`CH_(3)-overset(Cl)overset(|)CH-CH_(2)-CH_(3) overset("Pottasium tert. butoxide")to underset("Major")A` is

To solve the problem, we need to analyze the reaction of the compound \( CH_3-CH(Cl)-CH_2-CH_3 \) with potassium tert-butoxide (KOC(CH_3)_3), which is a strong and hindered base. The goal is to determine the major product of this elimination reaction. ### Step-by-Step Solution: 1. **Identify the Structure:** The compound \( CH_3-CH(Cl)-CH_2-CH_3 \) consists of a 4-carbon chain with a chlorine atom (Cl) attached to the second carbon. This makes it a secondary alkyl halide. 2. **Understand the Reagent:** Potassium tert-butoxide (KOC(CH_3)_3) is a strong base and a hindered base. Hindered bases favor elimination reactions (E2 mechanism) over substitution reactions because they are less likely to approach the carbon atom directly bonded to the leaving group (Cl in this case). 3. **Mechanism of Reaction:** In an E2 elimination, the base abstracts a proton (H) from a carbon adjacent to the carbon with the leaving group (Cl).

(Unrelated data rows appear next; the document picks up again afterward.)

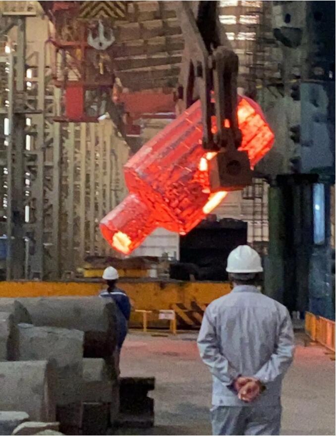 日前,随着始锻温度为1250℃的XTC02钢锭出炉,进入锻造环节,标志着马钢重机与中钢邢机重启锻件业务协同以来,继成功完成首批次75吨模具钢生产之后,150吨支撑辊订单正式投入生产。
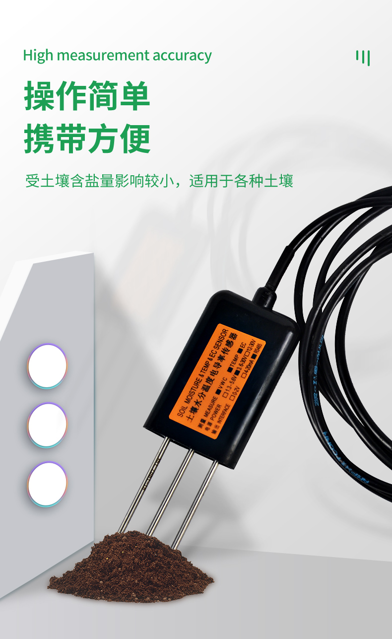 | (1)土壤含水率、電導(dǎo)率以及溫度三參數(shù)合一。 | (2)也可用于水肥一體溶液、以及其他營養(yǎng)液與基質(zhì)的電導(dǎo)率。 | (3)電極采用特殊處理的合金材料,可承受較強(qiáng)的外力沖擊,不易損壞。 | (4)完全密封,耐酸堿腐蝕,可埋入土壤或直接投入水中進(jìn)行長期動態(tài)檢測。 | (5)精度高,響應(yīng)快,互換性好,探針插入式設(shè)計(jì)保證測量**,性能可靠。 | (6)完善的保護(hù)電路與多種信號輸出接口可選。 |
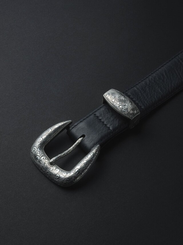 オーナメント柄の彫金を施したSilver950製のバックル、サルカン、剣先が高級感漂うアイテムです。
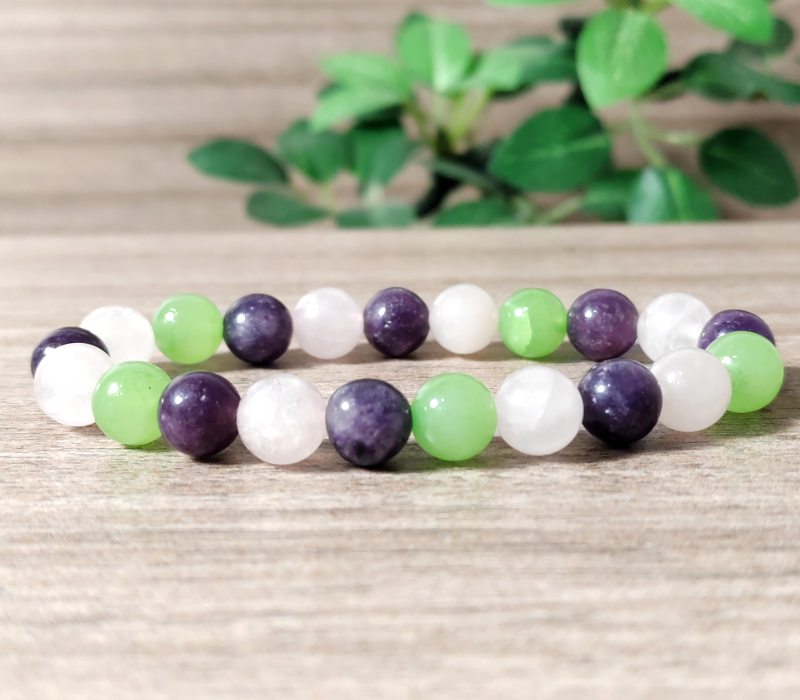 Szeretet erősítő, stressz oldó és pozitív érzelmeket aktiváló ásvány karkötő lepidolittal, rózsakvarccal és olíva zöld jadéval
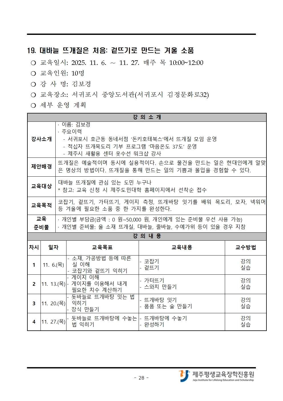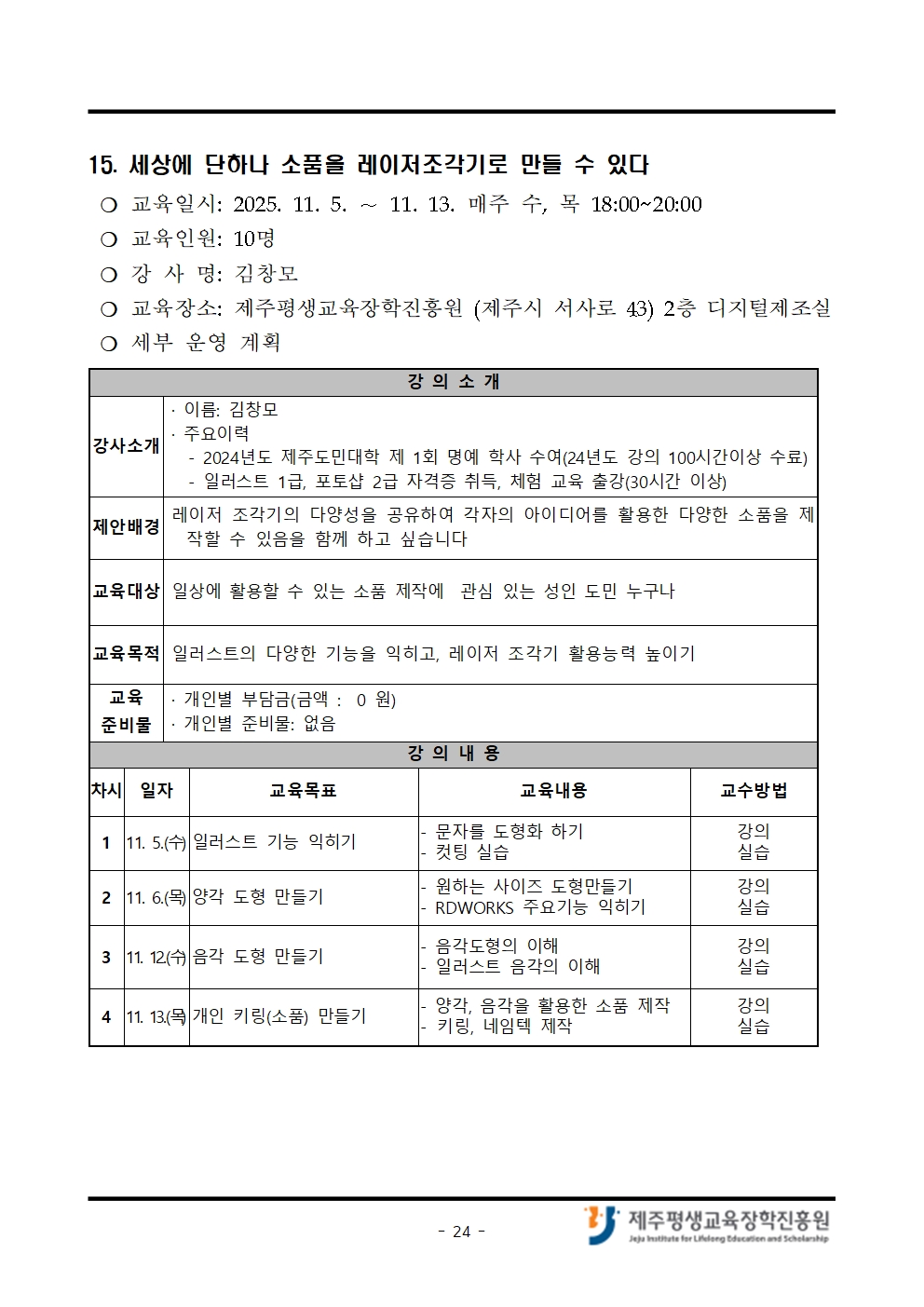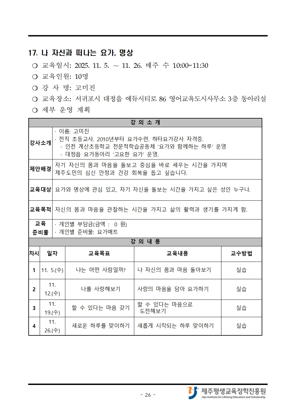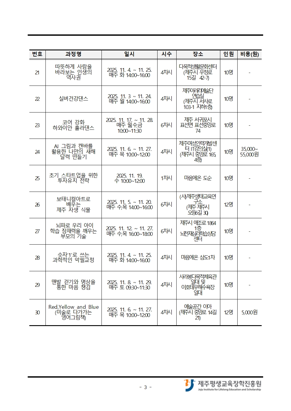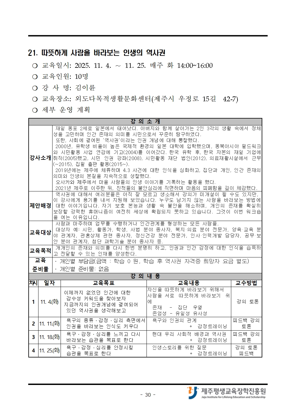 11월 「나도 제주도민대학 강사!」 교육생 모집
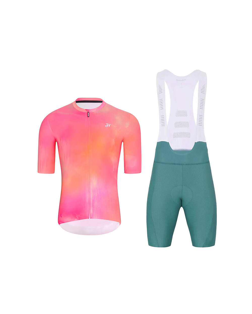 The stylish and functional HOLOKOLO cycling set is the ideal choice for cyclists looking for a combination of striking design, comfort and high performance. The COSMA short-sleeved jersey in orange and pink catches the eye with its vibrant colours and lightweight, high-quality fabric, which is exceptionally comfortable against the skin, breathable and, thanks to its elasticity, adapts perfectly to the body. Practical details, such as a full-length front zip with a protective neck flap, a triple rear pocket, a secure zipped pocket and a seamless hem with anti-slip print, ensure comfort on every ride.
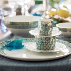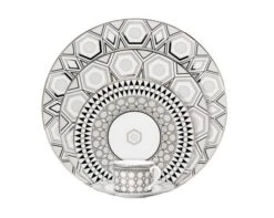 For Haviland Soufflé d’Or Limoges porcelain collection designer Olivia Decaris took her inspiration from a supernova – a phenomenon that occurs when a massive star explodes at the end of its natural life and illuminates the entire Milky Way. This iridescent grey and matt gold constellation will enchant your table decorations and homes with dreams, elegance and finesse.
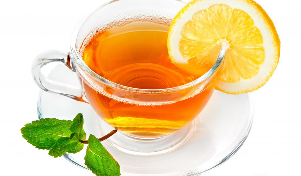 Обои Чашка чая с лимоном и мятой на белом фоне
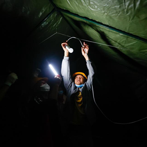 9月5日晚,在四川甘孜州瀘定縣磨西鎮(zhèn)的受災群眾臨時安置點,工作人員安裝電燈。
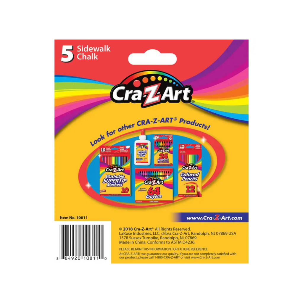 Let your creativity go wild with the Cra-Z-Art Sidewalk Chalk, 5 Count! Draw with high quality chalk that breaks less, is easy to grip, and lasts longer! Our non-Toxic Sidewalk Chalk is perfect for all your cool creative designs! Have fun outside decorating sidewalks and other hard surfaces with your very own designs, or on chalk specific surfaces such a chalk paint walls, chalkboards, and easels. Create lasting memories with friends and family by making hopscotch boards, chalk bullseye, 4 square, mazes, sidewalk twister, tic-tac-toe, and more! Chalk is long-lasting, washable, nontoxic, and a whole lot of fun! Set includes: 5 different colored sidewalk stick pieces. Be "always creative" with Cra-Z-Art

The electrons from the C-H bond then form a double bond with the carbon that was attached to the leaving group, while the leaving group (Cl) departs. 4. **Identify Possible Protons to Remove:** The compound has two adjacent carbons to the carbon with Cl: - The carbon on the left (C1) has three hydrogens (H). - The carbon on the right (C3) has two hydrogens (H). 5. **Determine the Major Pathway:** Since potassium tert-butoxide is a hindered base, it will preferentially abstract the proton from the less hindered carbon (C3) rather than the more hindered carbon (C1). 6. **Elimination Reaction:** - The base will abstract a hydrogen from C3, leading to the formation of a double bond between C2 and C3. - The chlorine atom will leave, resulting in the formation of a double bond between C2 and C3. 7. **Final Product:** The product of this elimination reaction will be \( CH_2=CH-CH_2-CH_3 \), which is butene. Given that the elimination occurs from the secondary carbon, the major product will be trans-2-butene or cis-2-butene, depending on the stereochemistry, but both are considered the same product in this context. ### Conclusion: The major product of the reaction is butene, specifically \( CH_2=CH-CH_2-CH_3 \).